The centuries-old Worshipful Company of Musicians in UK awarded him a special Medal for his outstanding achievements and contributions during his studies at the Royal College of Music graduation ceremony. After his studies, he was appointed a violin professor at the Royal College of Music, and he also teaches at the Royal Birmingham Conservatoire.

Jiafeng Chen’s career as a soloist has taken him to all six continents. He has been heard as a soloist with the Finnish Radio Symphony Orchestra, Hallé Orchestra, Helsinki Philharmonic Orchestra, Opera National de Nancy, Orchestre Royal de Chambre de Wallonie, Philharmonia Orchestra (U.K.) amongst others and at concert halls including the Finlandia Hall, Wigmore Hall, Royal Albert Hall and Carnegie Hall. He has collaborated with violinists David Chan and Cho-Liang Lin; cellists Nan-Cheng Chen and Gary Hoffman; and conductors Paavo Berglund, Paul Goodwin, Lorin Maazel, Paolo Olmi, Petri Sakari, John Storgårds and Gilbert Varga.
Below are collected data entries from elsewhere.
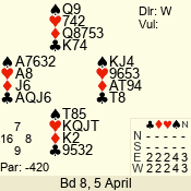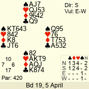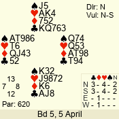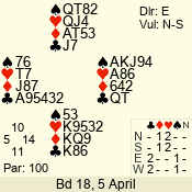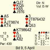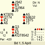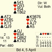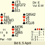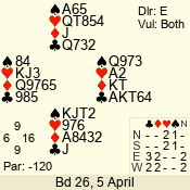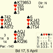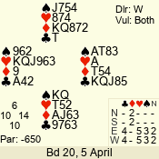 | 3 NT | W | +1 | -630 | 2 | 05 - 01 | 8 | 4 |
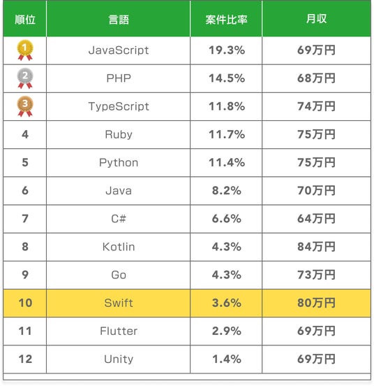 Swiftの案件市場は限定的ながらも重要なポジションを占めており、全プログラミング言語案件中3.6%の比率で案件数ランキング10位に位置しています。この数字はモバイルアプリ開発市場の専門性を反映しており、比率は低めながらも高度な専門性を持つ開発者にとって価値ある市場を形成しています。Apple製品のエコシステム依存という特性上、案件数は他の汎用言語に比べて少ないものの、質の高いSwift開発者への継続的な需要が期待できます。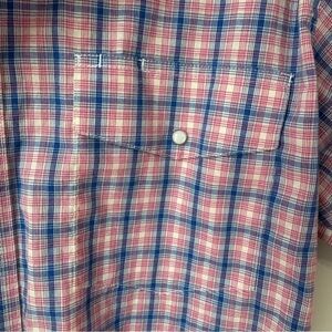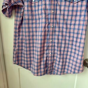 Wrangler Men’s Plaid Western Pearl Snap Shirt Short Sleeve Pink Blue Size Large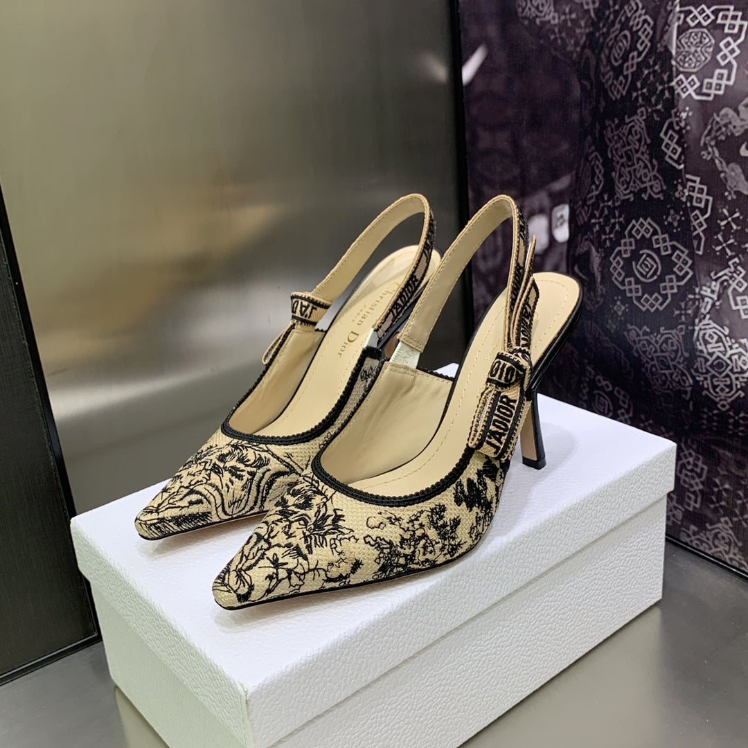 Décolleté JAdior Slingback 95 in cotone ricamato nero con filo metallico color oro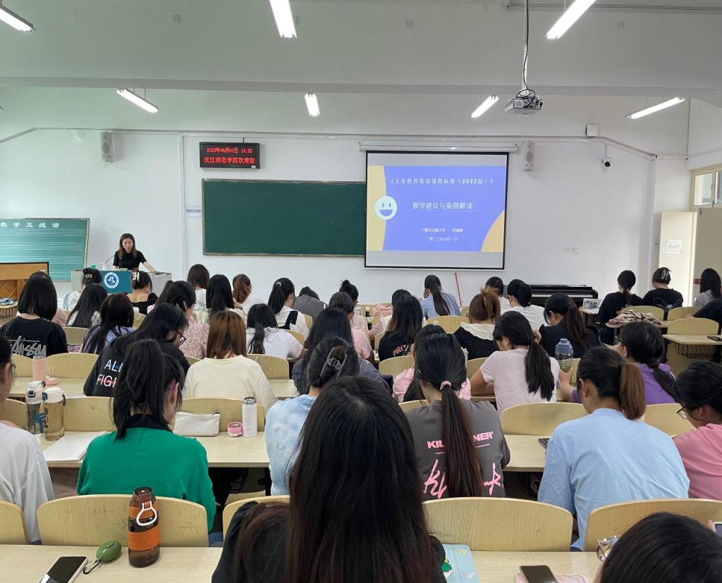 《小学英语课程与教学论》邀请了十堰市名师工作室“周湘琳工作室”的主持人、十堰市五堰小学高级教师周湘琳老师为20级小学教育本科全体员工开展了两场进课堂活动。活动中,周老师紧密结合小学英语学科专业特点,从课程核心素养、名师专业成长、职业发展等方面进行了深入浅出的专题分享,并通过师生交流座谈的形式为在场的员工答疑解惑,引导员工在校期间注重理论与实践相结合,学好专业知识,提高专业素养,练就扎实的学科素养和过硬的教学基本功,进一步明确职业规划,树立正确的教师职业观,争做“四有”好老师。

He has performed solo concerts at Beijing International Chamber Music Festival broadcast by CCTV Music Channel, Shanghai Spring International Music Festival, Lake District Summer Music, BBC Proms in UK broadcast by BBC Radio 3, Verbier Festival in Switzerland broadcast by France Musique, Valdres Sommersymfoni in Norway, La Jolla Music Society SummerFest in USA, opening gala of the Menuhin Violin Competition, and performed as guest concertmaster with the City of Birmingham Symphony Orchestra. He was praised as “not only technically brilliant but also subtle, deeply felt and astonishingly mature” (Nottingham Evening Post) and “surged forward while remaining classically poised” (BBC).

Jiafeng Chen’s artistry has also supported humanitarian causes. After he heard the earthquake in Sichuan in 2008, he organised many recitals in the UK and Italy where raised over £4800 to support the students from Sichuan as scholarships. He also performed at fundraising events organised by the British Red Cross. English National Opera, Dance Umbrella International Festival and the Royal College of Music. In 2019, he went to South Africa with the Royal Birmingham Conservatoire as part of the “ARCO” music education project to help the students there.

Jiafeng Chen studied with Peter Shixiang Zhang, Jiyang Zhao and Lei Fang, Ronald Copes and Cho-Liang Lin at the Primary and Middle Schools Affiliated to Shanghai Conservatory of Music, Chetham’s School of Music, the Royal College of Music London (first-class BMus honours) and The Juilliard School.

Jiafeng Chen plays a Nicolo Gagliano violin (Naples, 1751) kindly on loan from a generous group of owners.

==Awards==

- 1995 2nd prize, Shanghai "Yi-Fu" Cup (Chinese: 逸夫杯) Violin Competition
- 2001 2nd prize, 7th National Youth Violin Competition, China.
- 2003 1st prize, 9th International Wieniawski Violin Competition with further prizes from the European Union Music Competition and the Frederic Chopin Academy of Music, Poland.
- 2004 3rd prize, 4th International Novosibirsk Youth Violin Competition, Russia.
- 2004 Manoug Parikian Award, Musicians Benevolent Fund String Award 2004, United Kingdom.
- 2005 Runner-up & the Most Promising under 18 Quartet, National Youth String Quartet Competition, United Kingdom.
- 2005 Winner, Concerto Competition at Chetham's School of Music, Manchester, U.K.
- 2005 2nd prize, 9th International Jean Sibelius Violin Competition, Finland.
- 2006 Education Award, Musicians Benevolent Fund String Award 2006, United Kingdom.
- 2008 2nd Prize, 13th Menuhin International Violin Competition for Youth, Cardiff, United Kingdom.
- 2008 Winner, Concerto Competition, Royal College of Music, London, U.K.
- 2009 Laureate, Queen Elisabeth International Violin Competition, Brussels, Belgium
- 2010 3rd Prize for the Performance of Caprices by N. Paganini, Indianapolis International Violin Competition, Indianapolis, USA
- 2010 Worshipful Company of Musicians Silver Medal
- 2010 Winner, Yamaha Music Foundation of Europe Scholarship
- 2011 2nd Prize, The 3rd Windsor International String Competition, Windsor Castle, U.K.